#### [Exercise objective]
Repeat the listing below line by line, exactly, leaving its pictures behind.

#### [Recorded data]
┌──

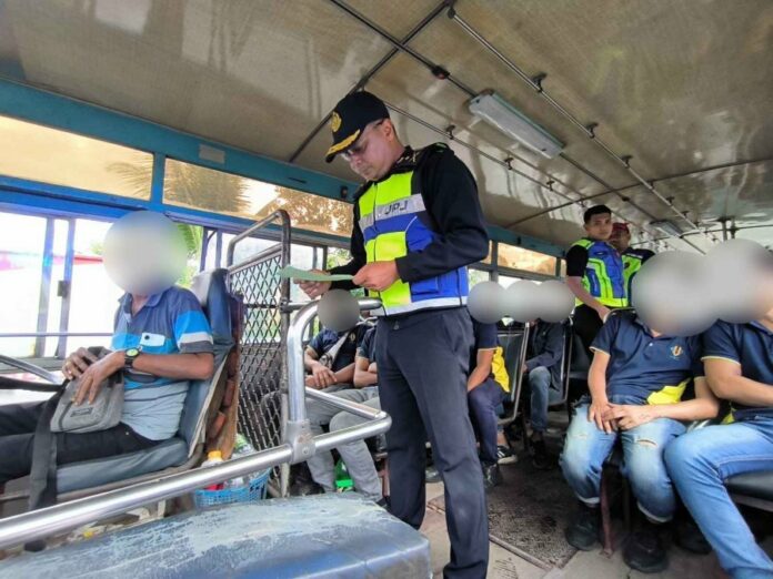 (威南15日讯)为了赚取每趟30令吉工资,一名已被吊销驾照长达12年的代驾厂巴司机铤而走险,接送外劳往返宿舍,被槟州陆路交通局执法员逮个正著!
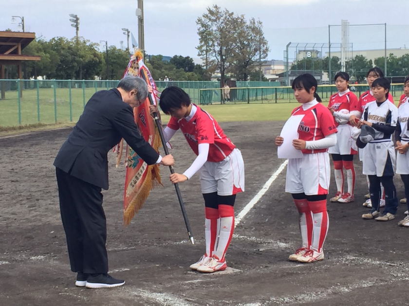| 賞状、優勝旗を受ける西尾主将と江川選手 |
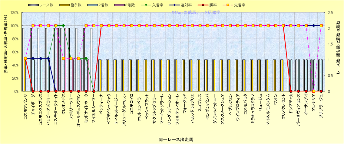 ライバル(相性)解析 同一レースに下記馬が出走した場合の成績とその馬に先着する先着率 |
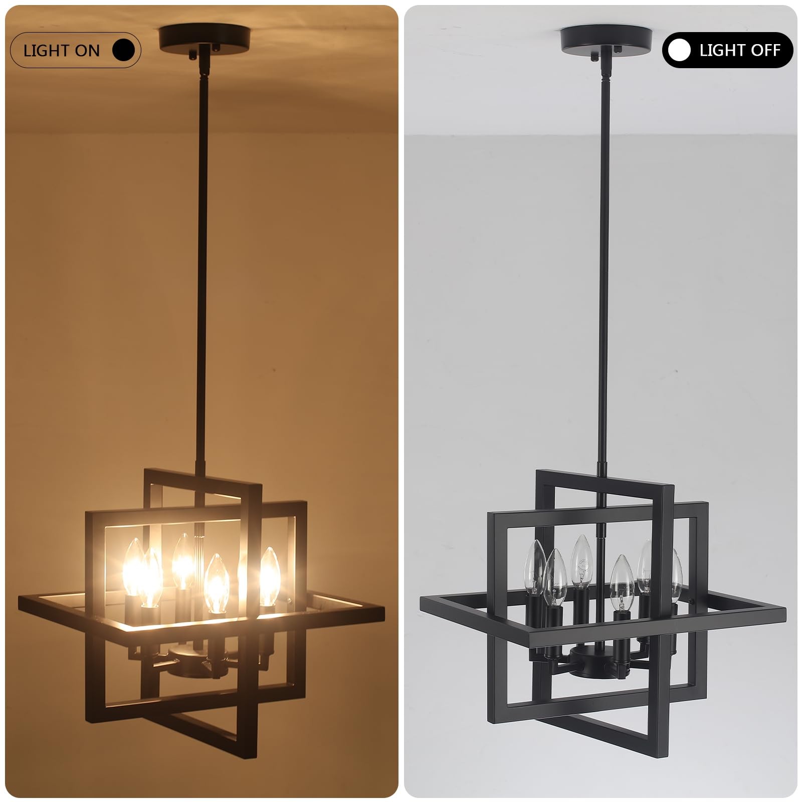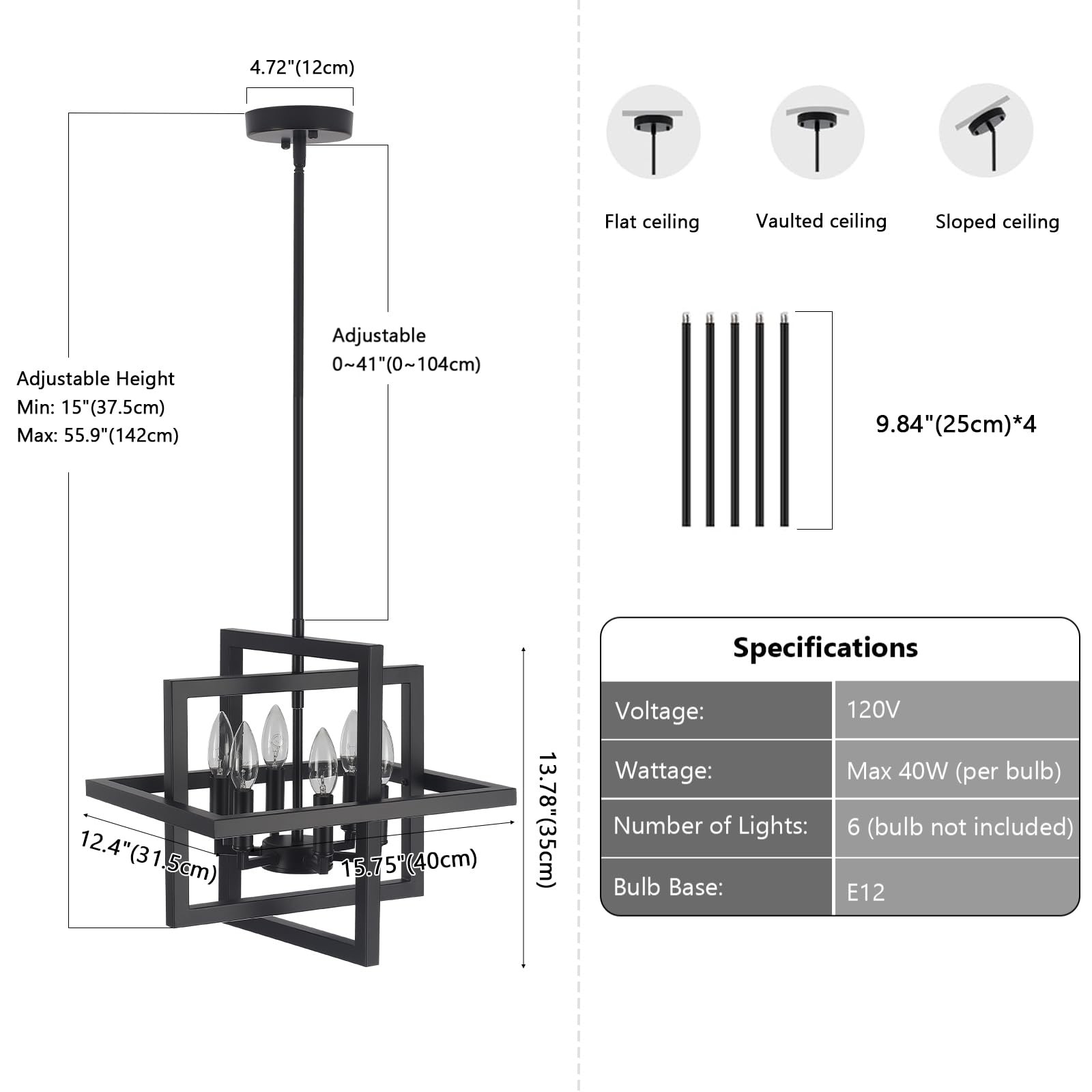 Modern small chandelier for entryway, Ajustable Hanging Height 15 inches to 55.9 inches. Modern Geometric Chandelier: The geometric design of this matte black chandelier seamlessly blends modern and industrial styles. Its unique appearance adds a stylish touch, making it ideal for various settings such as entryway, living room, kitchen island, dining room, hallway, foyer, stairway, cafe, and restaurant Ajustable Height & Angle: Hanging Height: 15" - 55.9". The lantern pendant light features 4 adjustable rods, each measuring 9.84 inches, allowing you to customize the hanging height of this dining room chandelier to suit your space and create the ideal atmosphere. Additionally, the rod can be rotated up to 180°, making hanging light suitable for installation on flat, sloped, or vaulted ceilings Durable & Easy to Install: This kitchen lighting fixture is crafted from metal with a spray-painted finish, ensuring sturdiness and durability while preventing rust, corrosion, or fading. This living room chandelier requires assembly, the package includes all mounting hardware and detailed installation instructions, there is installation video on the product page will guide you through the assembly process Compatible Bulbs & Dimmable: This 6-light modern chandelier for entryway is compatible with any E12 base bulbs such as Incandescent, LED, CFL and Halogen, etc. The dining room light fixture is dimmable when used with dimmable bulb and compatible dimmer switch. ※Bulbs and dimmer switch are not included Customer Service: If you have any issues when using our farmhouse chandelier, please contact us at any time. We are always committed to provide attentive services for you
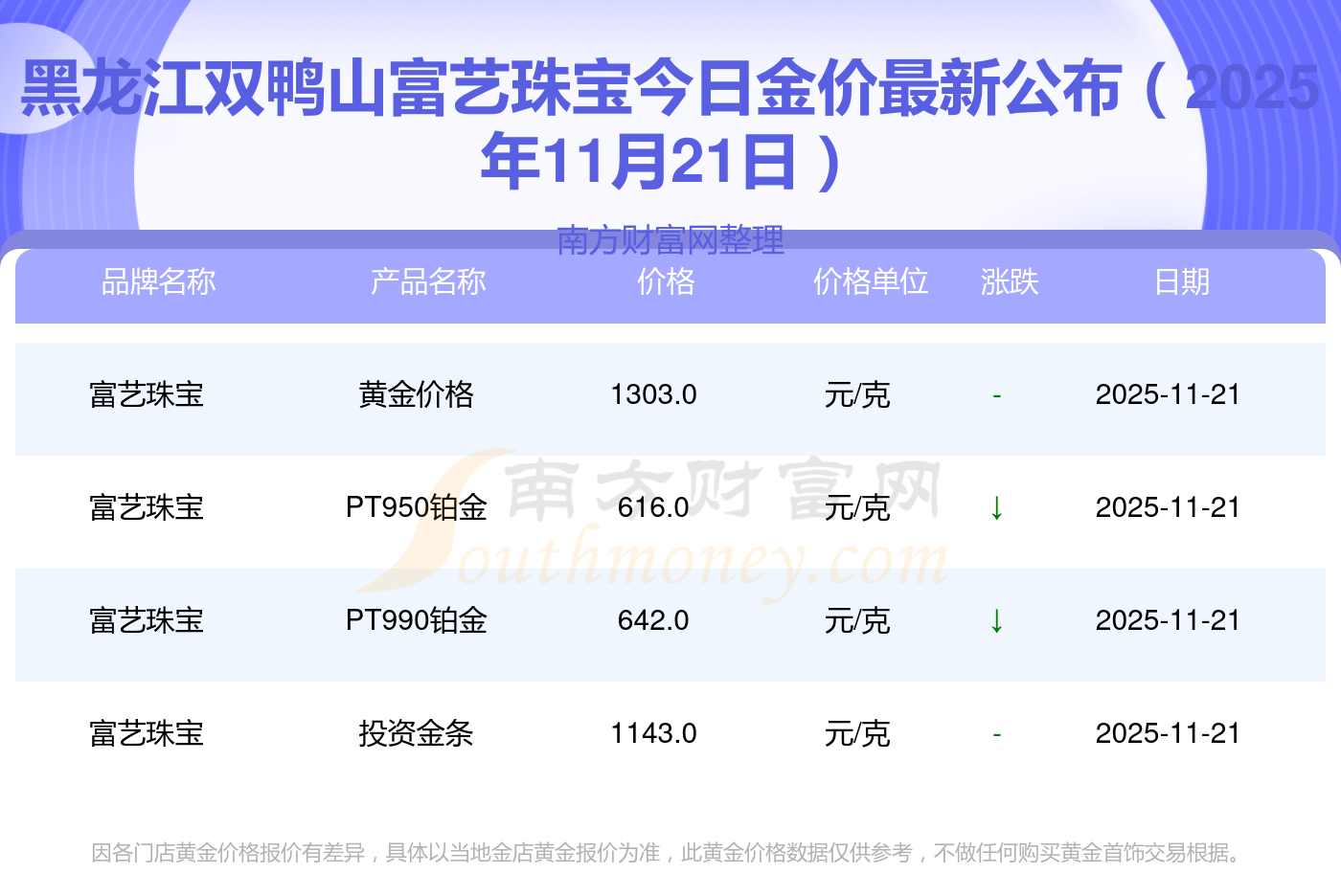 黑龙江双鸭山富艺珠宝金价今日价格:黄金价格1305.0元/克,铂金价格616.0元/克,饰品金价(内地)1305.0元/克,黄金饰品(香港)45110.0,铂金价格(香港)17570.0,金条价格(香港)40690.0,金条金价(内地)1143.0元/克,黄金价格1298.0元/克,铂金价格600.0元/克,足金价格1298.0元/克,黄金价格1266.0元/克。

└──

#### [Worked solution]
 (威南15日讯)为了赚取每趟30令吉工资,一名已被吊销驾照长达12年的代驾厂巴司机铤而走险,接送外劳往返宿舍,被槟州陆路交通局执法员逮个正著!
| 賞状、優勝旗を受ける西尾主将と江川選手 |
 ライバル(相性)解析 同一レースに下記馬が出走した場合の成績とその馬に先着する先着率 |
 Modern small chandelier for entryway, Ajustable Hanging Height 15 inches to 55.9 inches. Modern Geometric Chandelier: The geometric design of this matte black chandelier seamlessly blends modern and industrial styles. Its unique appearance adds a stylish touch, making it ideal for various settings such as entryway, living room, kitchen island, dining room, hallway, foyer, stairway, cafe, and restaurant Ajustable Height & Angle: Hanging Height: 15" - 55.9". The lantern pendant light features 4 adjustable rods, each measuring 9.84 inches, allowing you to customize the hanging height of this dining room chandelier to suit your space and create the ideal atmosphere. Additionally, the rod can be rotated up to 180°, making hanging light suitable for installation on flat, sloped, or vaulted ceilings Durable & Easy to Install: This kitchen lighting fixture is crafted from metal with a spray-painted finish, ensuring sturdiness and durability while preventing rust, corrosion, or fading. This living room chandelier requires assembly, the package includes all mounting hardware and detailed installation instructions, there is installation video on the product page will guide you through the assembly process Compatible Bulbs & Dimmable: This 6-light modern chandelier for entryway is compatible with any E12 base bulbs such as Incandescent, LED, CFL and Halogen, etc. The dining room light fixture is dimmable when used with dimmable bulb and compatible dimmer switch. ※Bulbs and dimmer switch are not included Customer Service: If you have any issues when using our farmhouse chandelier, please contact us at any time. We are always committed to provide attentive services for you
 黑龙江双鸭山富艺珠宝金价今日价格:黄金价格1305.0元/克,铂金价格616.0元/克,饰品金价(内地)1305.0元/克,黄金饰品(香港)45110.0,铂金价格(香港)17570.0,金条价格(香港)40690.0,金条金价(内地)1143.0元/克,黄金价格1298.0元/克,铂金价格600.0元/克,足金价格1298.0元/克,黄金价格1266.0元/克。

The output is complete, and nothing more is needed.